大腸CT(CT colonography)検査とS状結腸鏡検査の受容性はどちらが高いのか!?

★★第12回GAIA予定!!━━━━━━━━━━━━━━━
第12回GAIAを来年30年3月11日(日)に金沢で開催します。
「AI(人工知能)を活用した内視鏡診断」を
国立がん研究センター中央病院の山田真善先生に
ご講演いただきます。

各分野のオピニオンリーダーの先生方のご講演も聞けます!!

 皆様のご参加をお待ちしております。
http://gaia.kenkyuukai.jp/information/information_detail.asp?id=72753
━━━━━━━━━━━━━━━━━━━━━━━★★



PubMedから、今日のつぶやき − 137 −


Senore C, et al.

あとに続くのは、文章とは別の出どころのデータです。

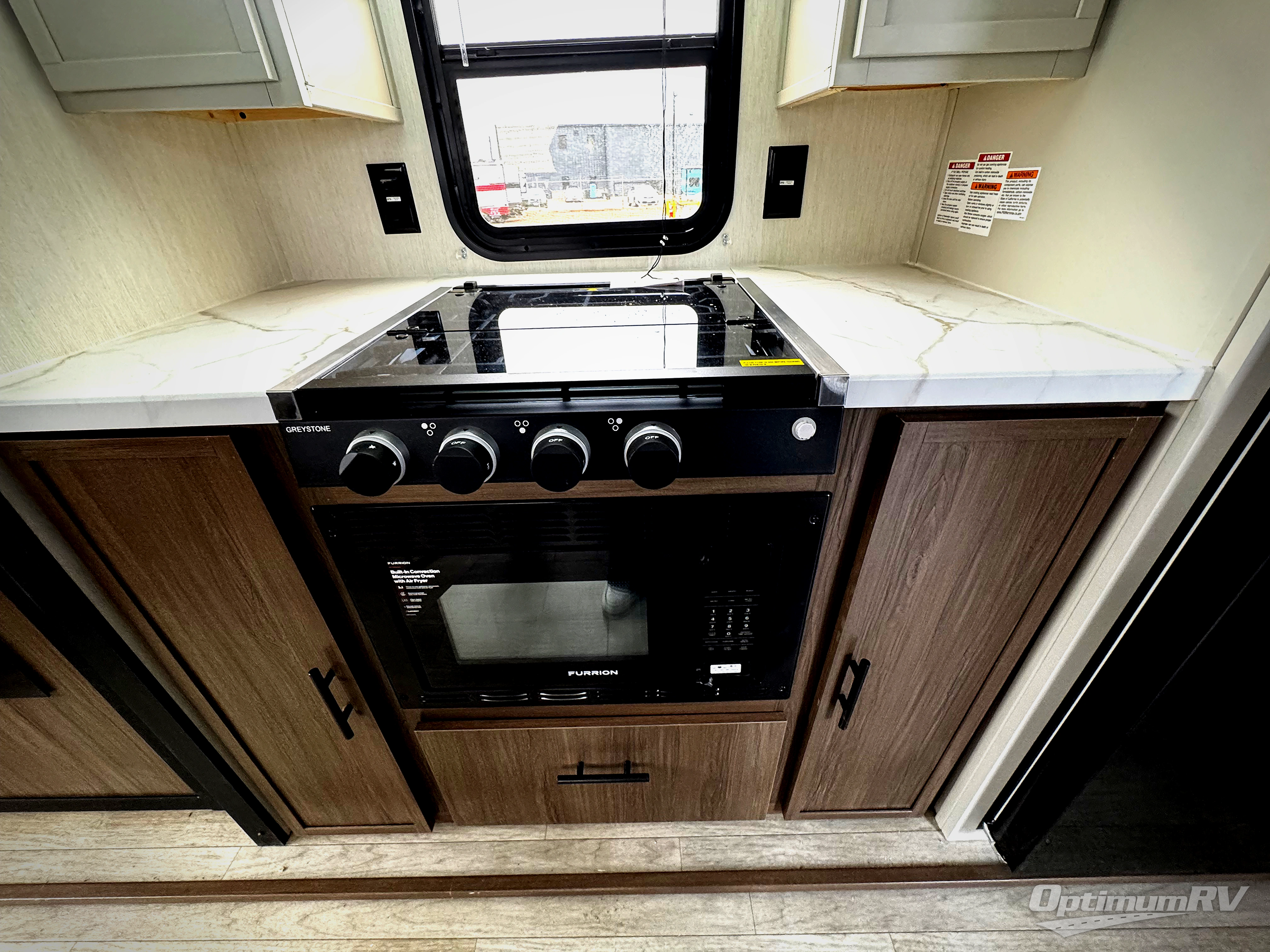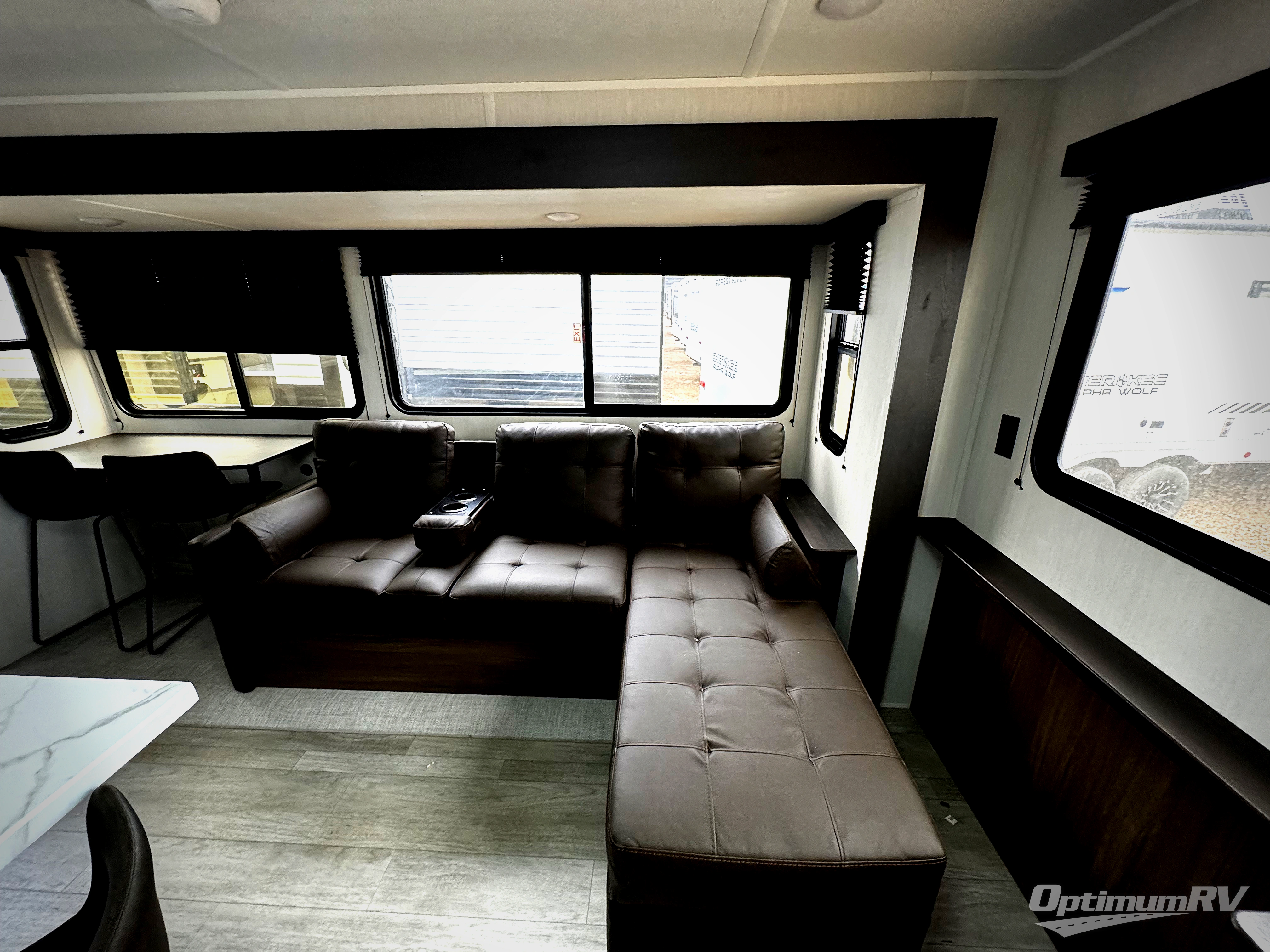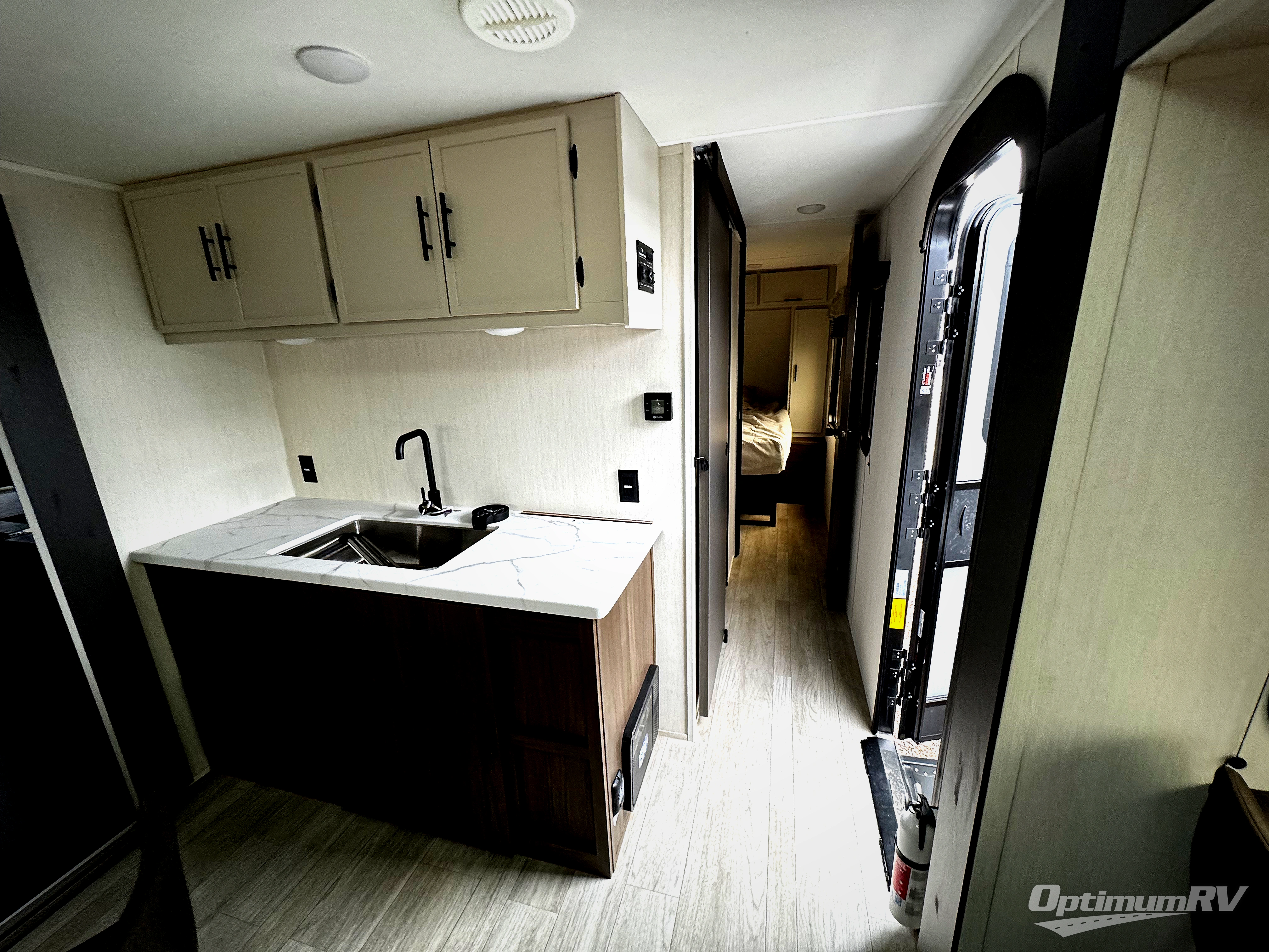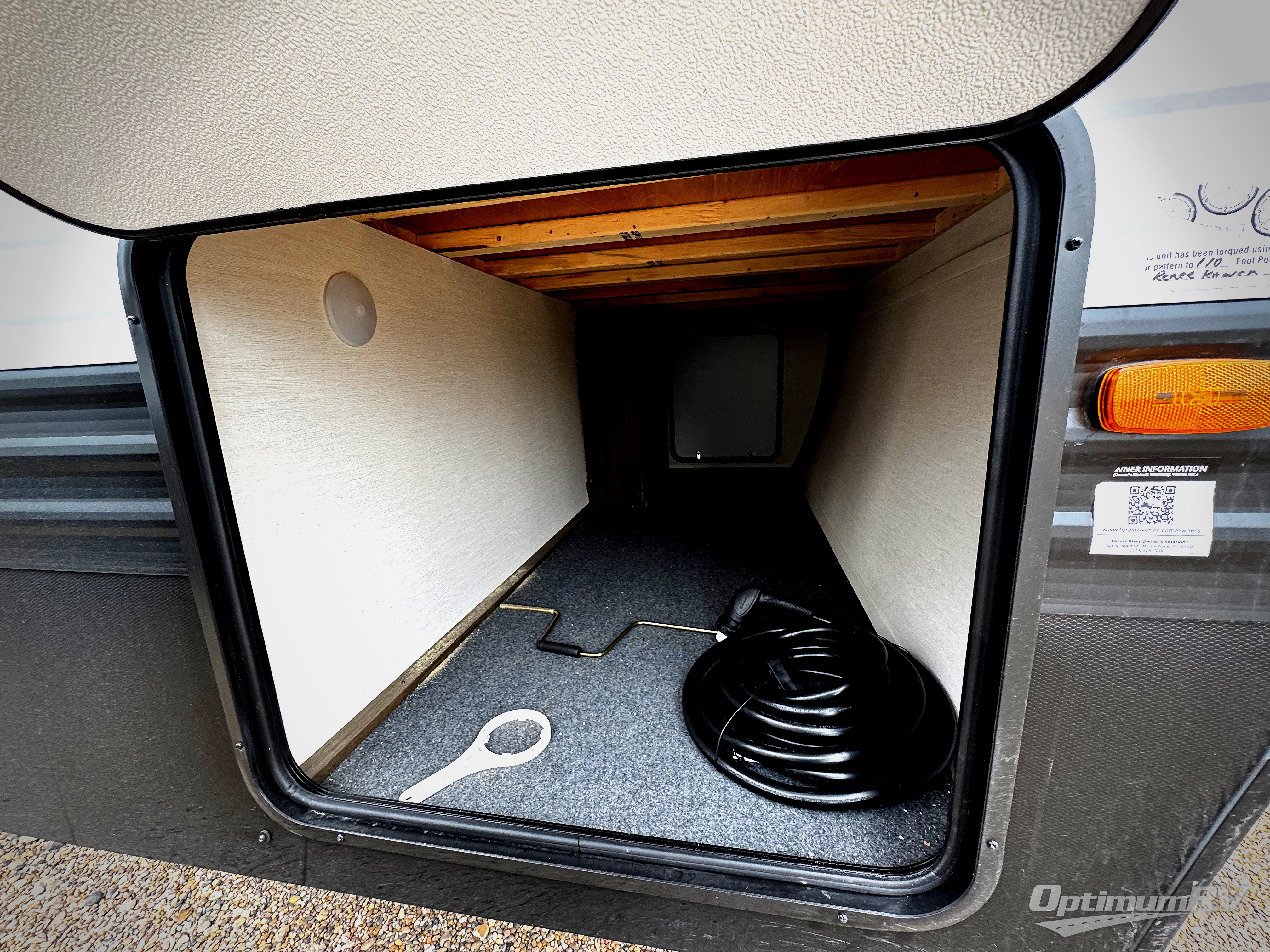 There is ample space to move about in this travel trailer thanks to the dual opposing slides! Here, you'll find an L-shaped sofa with a chaise lounge in direct view of TV and fireplace. There is also a hidden pantry behind the TV for snacks and movies! The center farm table includes four stools so you can gather around for meal times, and the desk with a chair will provide a place for you to get some work done if needed. This unit features a full bath towards the front private bedroom for easy access at night, and you're sure to get a great night's rest on the camp king bed!

Flexible Sigmoidoscopy and CT Colonography Screening: Patients' Experience with and Factors for Undergoing Screening-Insight from the Proteus Colon Trial. Radiology. 2017 Oct 17:170228. doi: 10.1148/radiol.2017170228. [Epub ahead of print]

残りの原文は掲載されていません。